> [What you will do]:
What you should give back is a precise copy of the lines below from the one containing "Sindicalizados del STRM, sección" through the one containing "The home is", with no pictures.

> [Materials provided]:
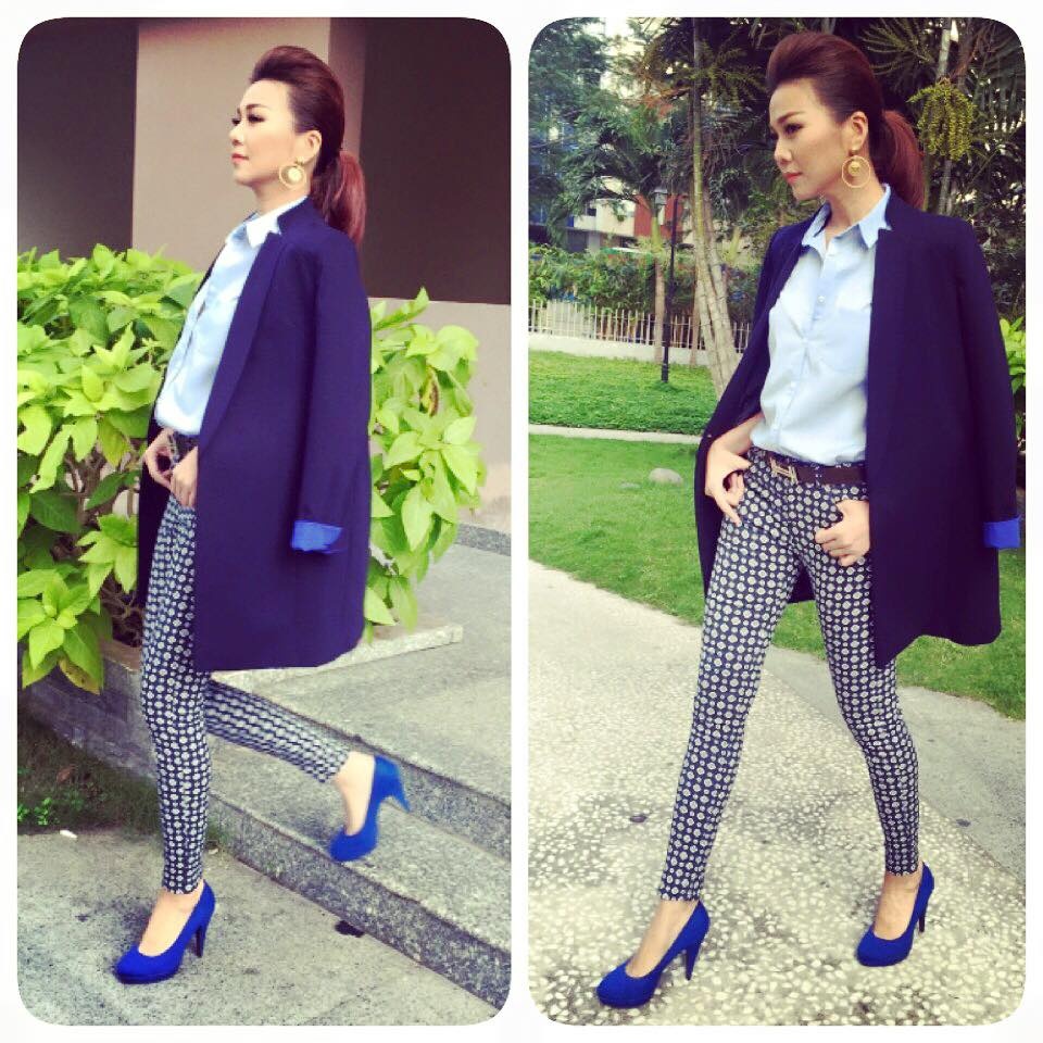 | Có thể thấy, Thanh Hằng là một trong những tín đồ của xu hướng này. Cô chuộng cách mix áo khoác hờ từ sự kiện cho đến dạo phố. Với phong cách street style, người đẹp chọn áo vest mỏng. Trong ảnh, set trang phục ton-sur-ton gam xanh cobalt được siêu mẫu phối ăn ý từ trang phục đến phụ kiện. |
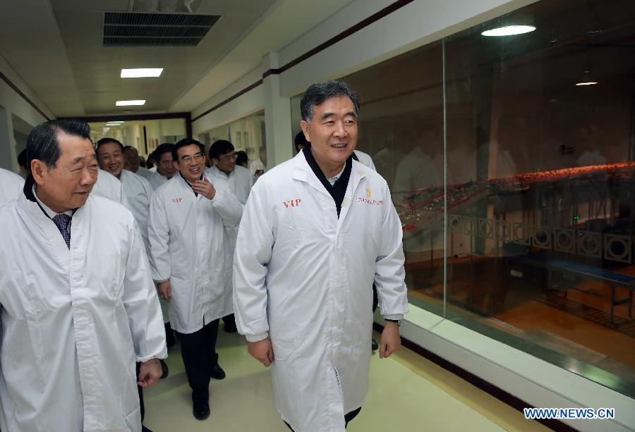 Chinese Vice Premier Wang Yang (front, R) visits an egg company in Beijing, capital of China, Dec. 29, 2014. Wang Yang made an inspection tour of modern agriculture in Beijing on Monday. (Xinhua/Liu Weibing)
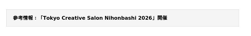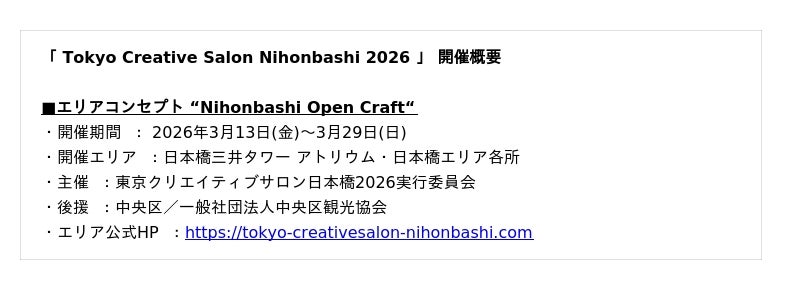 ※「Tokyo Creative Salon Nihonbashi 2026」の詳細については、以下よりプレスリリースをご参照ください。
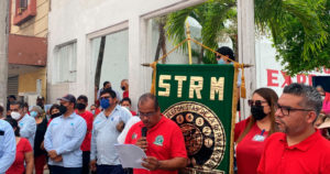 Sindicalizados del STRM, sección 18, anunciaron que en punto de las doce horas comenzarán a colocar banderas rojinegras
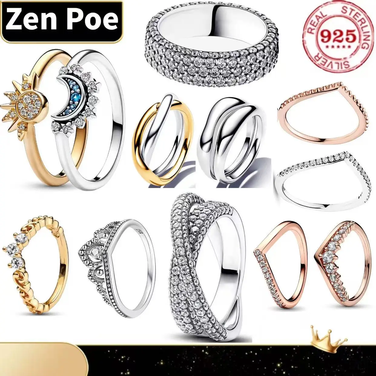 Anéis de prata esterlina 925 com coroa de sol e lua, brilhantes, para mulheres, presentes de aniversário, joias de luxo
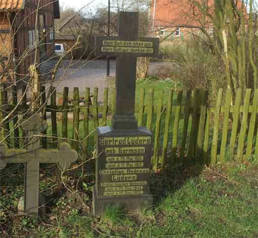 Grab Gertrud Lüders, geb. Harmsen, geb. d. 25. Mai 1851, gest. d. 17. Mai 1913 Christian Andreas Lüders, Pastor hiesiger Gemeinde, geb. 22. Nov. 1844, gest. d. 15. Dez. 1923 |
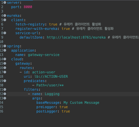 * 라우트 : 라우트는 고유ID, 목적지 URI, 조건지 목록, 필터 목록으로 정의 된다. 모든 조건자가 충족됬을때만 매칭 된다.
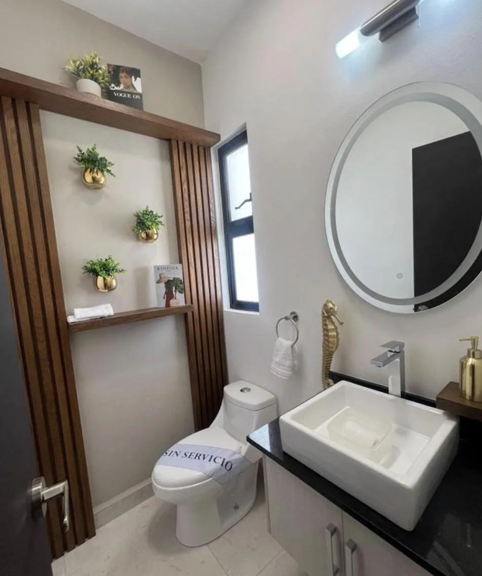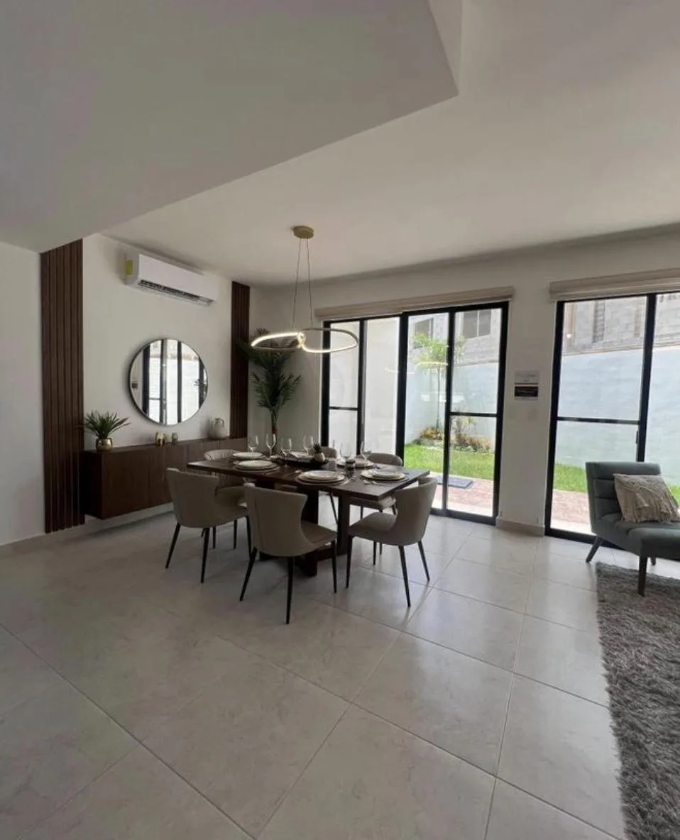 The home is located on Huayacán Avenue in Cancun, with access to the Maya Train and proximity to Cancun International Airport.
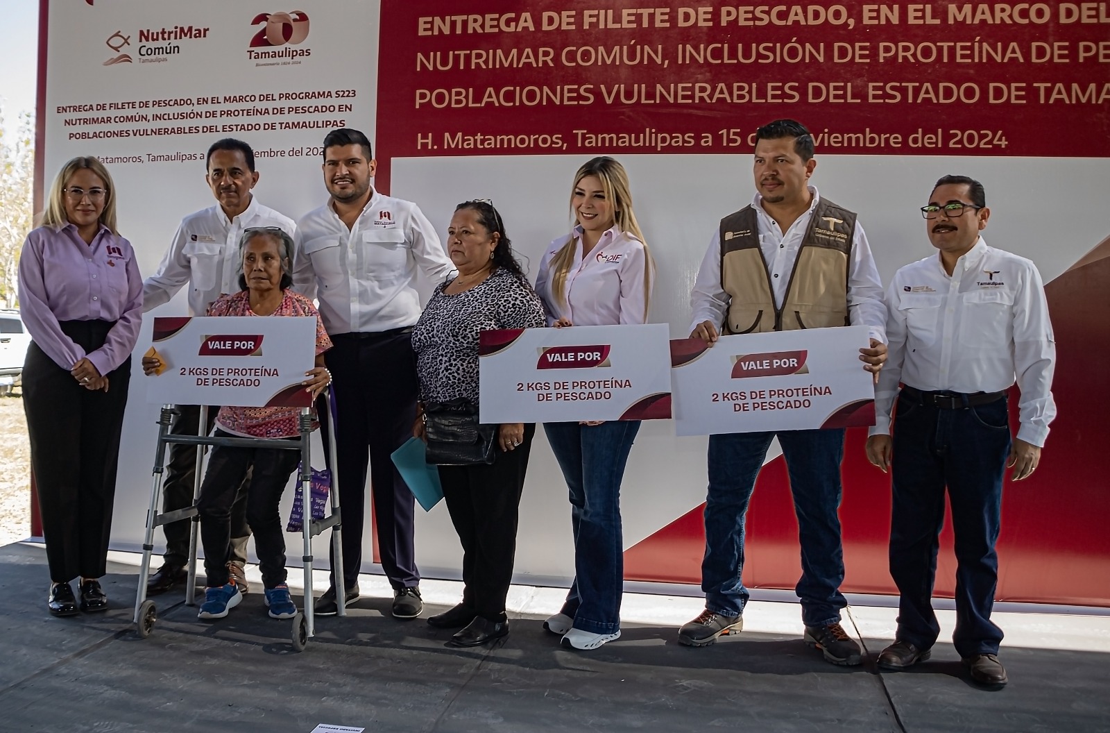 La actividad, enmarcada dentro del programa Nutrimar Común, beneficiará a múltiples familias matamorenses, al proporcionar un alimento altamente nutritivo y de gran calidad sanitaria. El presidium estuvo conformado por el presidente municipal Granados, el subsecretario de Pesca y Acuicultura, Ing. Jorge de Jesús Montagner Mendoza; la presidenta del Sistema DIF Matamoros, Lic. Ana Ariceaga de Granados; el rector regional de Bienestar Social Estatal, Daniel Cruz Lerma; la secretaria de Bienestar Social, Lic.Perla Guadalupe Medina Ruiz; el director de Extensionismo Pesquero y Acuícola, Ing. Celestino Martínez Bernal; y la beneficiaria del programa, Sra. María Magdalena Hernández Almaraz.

> [Reply to the exercise]:
 Sindicalizados del STRM, sección 18, anunciaron que en punto de las doce horas comenzarán a colocar banderas rojinegras
 Anéis de prata esterlina 925 com coroa de sol e lua, brilhantes, para mulheres, presentes de aniversário, joias de luxo
 Grab Gertrud Lüders, geb. Harmsen, geb. d. 25. Mai 1851, gest. d. 17. Mai 1913 Christian Andreas Lüders, Pastor hiesiger Gemeinde, geb. 22. Nov. 1844, gest. d. 15. Dez. 1923 |
 * 라우트 : 라우트는 고유ID, 목적지 URI, 조건지 목록, 필터 목록으로 정의 된다. 모든 조건자가 충족됬을때만 매칭 된다.
 The home is located on Huayacán Avenue in Cancun, with access to the Maya Train and proximity to Cancun International Airport.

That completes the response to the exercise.